▸ **Data section**:

╭──

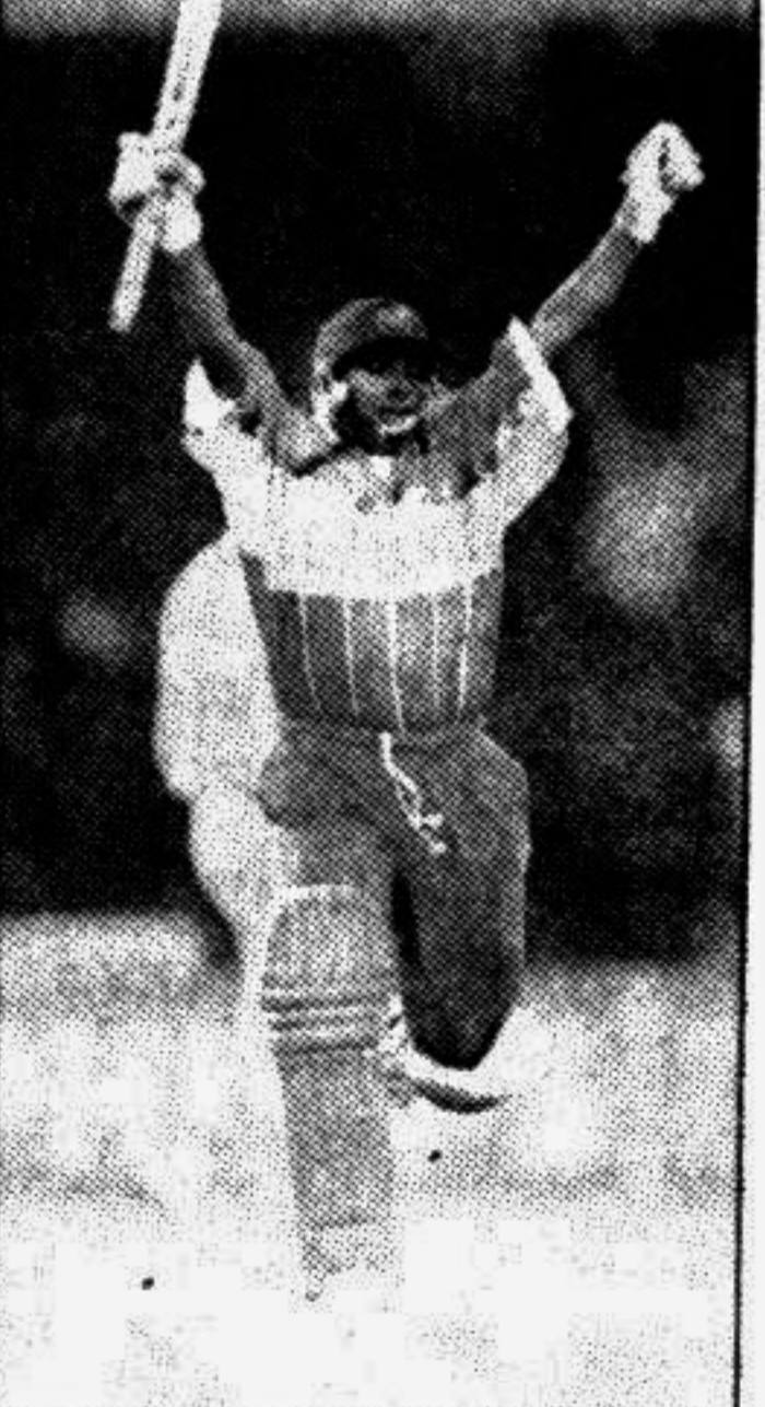
A DE SILVA ... 122

Waqar Younis wrapped it all up by bowling Chaminda Vaas — his fifth wicket — to seal a remarkable and unlikely victory for his team.
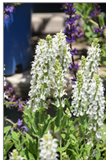
Snow Hill Sage flowers
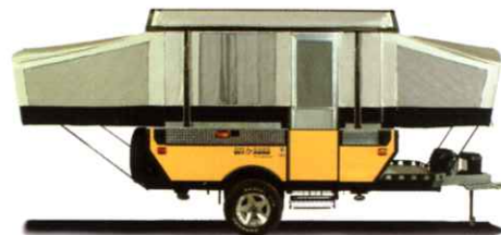
Mojave shown in "You Want a Piece of Me Yellow" exterior.

╰──

▸ **What the exercise asks**:
Lines before the one containing "Waqar Younis wrapped" are not wanted; repeat that line and the rest of the listing exactly, leaving out pictures.

▸ **Response**:
Waqar Younis wrapped it all up by bowling Chaminda Vaas — his fifth wicket — to seal a remarkable and unlikely victory for his team.
Snow Hill Sage flowers
Mojave shown in "You Want a Piece of Me Yellow" exterior.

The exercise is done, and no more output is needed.